Stored entries:
- Opening Delimiter -

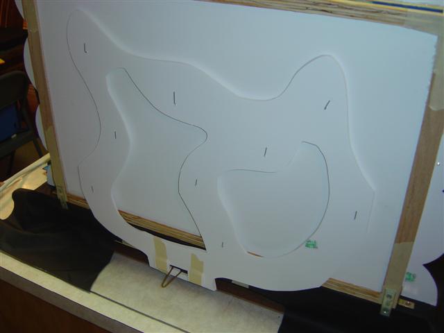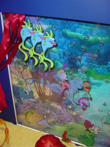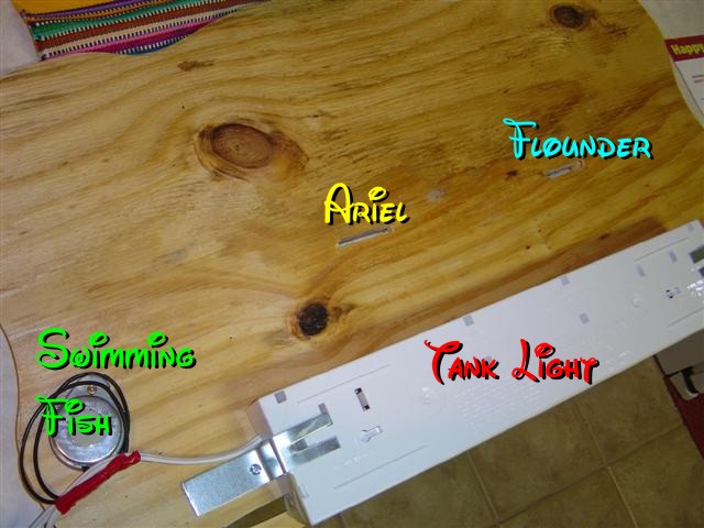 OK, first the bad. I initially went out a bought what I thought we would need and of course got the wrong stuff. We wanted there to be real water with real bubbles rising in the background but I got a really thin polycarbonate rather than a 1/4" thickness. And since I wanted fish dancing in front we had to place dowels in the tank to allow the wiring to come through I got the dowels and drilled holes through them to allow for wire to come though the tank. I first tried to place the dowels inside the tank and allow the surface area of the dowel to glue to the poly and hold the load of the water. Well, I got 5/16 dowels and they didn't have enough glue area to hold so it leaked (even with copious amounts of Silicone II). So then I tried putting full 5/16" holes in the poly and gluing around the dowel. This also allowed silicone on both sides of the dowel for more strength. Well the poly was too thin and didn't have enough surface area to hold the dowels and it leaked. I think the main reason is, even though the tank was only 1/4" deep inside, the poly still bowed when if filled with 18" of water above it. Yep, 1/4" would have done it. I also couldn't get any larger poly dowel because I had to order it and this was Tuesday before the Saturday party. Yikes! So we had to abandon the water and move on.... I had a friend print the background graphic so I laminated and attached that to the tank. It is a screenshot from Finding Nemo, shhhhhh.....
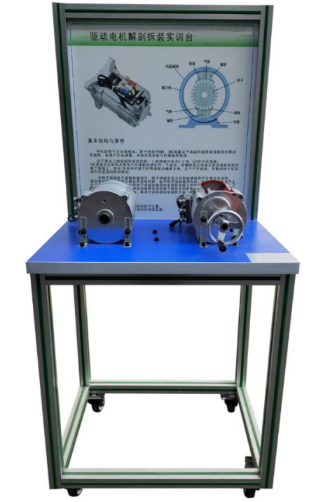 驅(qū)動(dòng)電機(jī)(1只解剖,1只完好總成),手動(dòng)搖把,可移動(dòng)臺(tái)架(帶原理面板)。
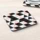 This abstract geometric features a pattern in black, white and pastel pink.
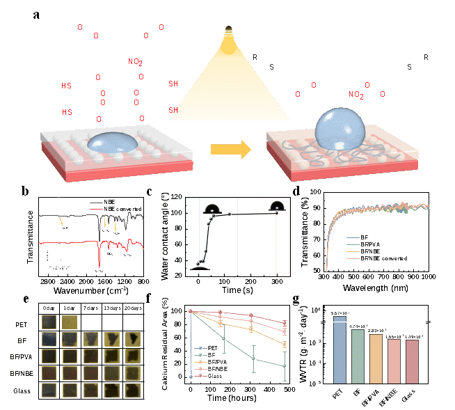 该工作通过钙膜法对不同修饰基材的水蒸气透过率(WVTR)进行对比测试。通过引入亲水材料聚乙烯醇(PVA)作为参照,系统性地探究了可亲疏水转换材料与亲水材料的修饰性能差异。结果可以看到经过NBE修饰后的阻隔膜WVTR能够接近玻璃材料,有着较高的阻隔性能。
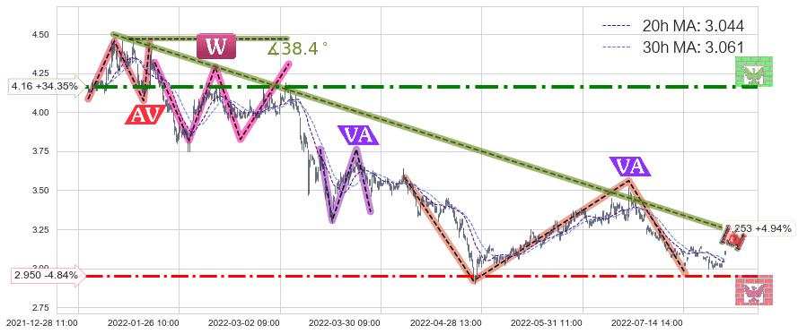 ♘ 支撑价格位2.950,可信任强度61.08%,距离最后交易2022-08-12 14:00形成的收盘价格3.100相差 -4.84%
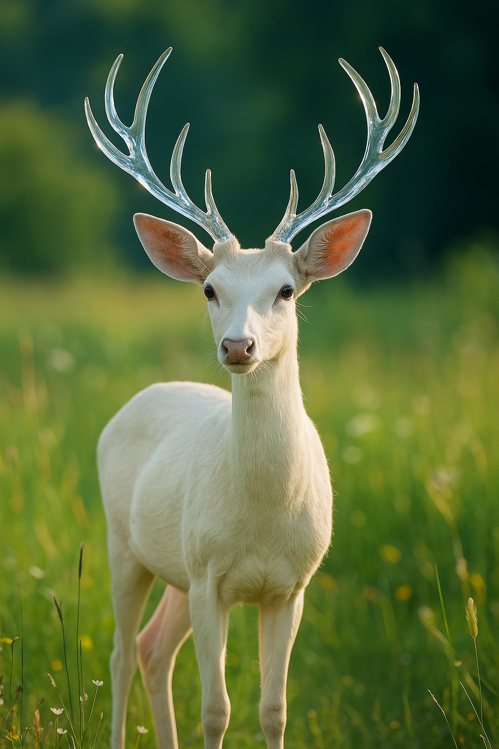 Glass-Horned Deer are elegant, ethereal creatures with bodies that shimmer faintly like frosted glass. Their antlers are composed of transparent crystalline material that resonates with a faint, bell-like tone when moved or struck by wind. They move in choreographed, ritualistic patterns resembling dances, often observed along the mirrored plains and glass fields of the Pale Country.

- Closing Delimiter -

== Work request ==
All entries must be output unchanged, with every picture omitted.

== The answer ==
 OK, first the bad. I initially went out a bought what I thought we would need and of course got the wrong stuff. We wanted there to be real water with real bubbles rising in the background but I got a really thin polycarbonate rather than a 1/4" thickness. And since I wanted fish dancing in front we had to place dowels in the tank to allow the wiring to come through I got the dowels and drilled holes through them to allow for wire to come though the tank. I first tried to place the dowels inside the tank and allow the surface area of the dowel to glue to the poly and hold the load of the water. Well, I got 5/16 dowels and they didn't have enough glue area to hold so it leaked (even with copious amounts of Silicone II). So then I tried putting full 5/16" holes in the poly and gluing around the dowel. This also allowed silicone on both sides of the dowel for more strength. Well the poly was too thin and didn't have enough surface area to hold the dowels and it leaked. I think the main reason is, even though the tank was only 1/4" deep inside, the poly still bowed when if filled with 18" of water above it. Yep, 1/4" would have done it. I also couldn't get any larger poly dowel because I had to order it and this was Tuesday before the Saturday party. Yikes! So we had to abandon the water and move on.... I had a friend print the background graphic so I laminated and attached that to the tank. It is a screenshot from Finding Nemo, shhhhhh.....
 驅(qū)動(dòng)電機(jī)(1只解剖,1只完好總成),手動(dòng)搖把,可移動(dòng)臺(tái)架(帶原理面板)。
 This abstract geometric features a pattern in black, white and pastel pink.
 该工作通过钙膜法对不同修饰基材的水蒸气透过率(WVTR)进行对比测试。通过引入亲水材料聚乙烯醇(PVA)作为参照,系统性地探究了可亲疏水转换材料与亲水材料的修饰性能差异。结果可以看到经过NBE修饰后的阻隔膜WVTR能够接近玻璃材料,有着较高的阻隔性能。
 ♘ 支撑价格位2.950,可信任强度61.08%,距离最后交易2022-08-12 14:00形成的收盘价格3.100相差 -4.84%
 Glass-Horned Deer are elegant, ethereal creatures with bodies that shimmer faintly like frosted glass. Their antlers are composed of transparent crystalline material that resonates with a faint, bell-like tone when moved or struck by wind. They move in choreographed, ritualistic patterns resembling dances, often observed along the mirrored plains and glass fields of the Pale Country.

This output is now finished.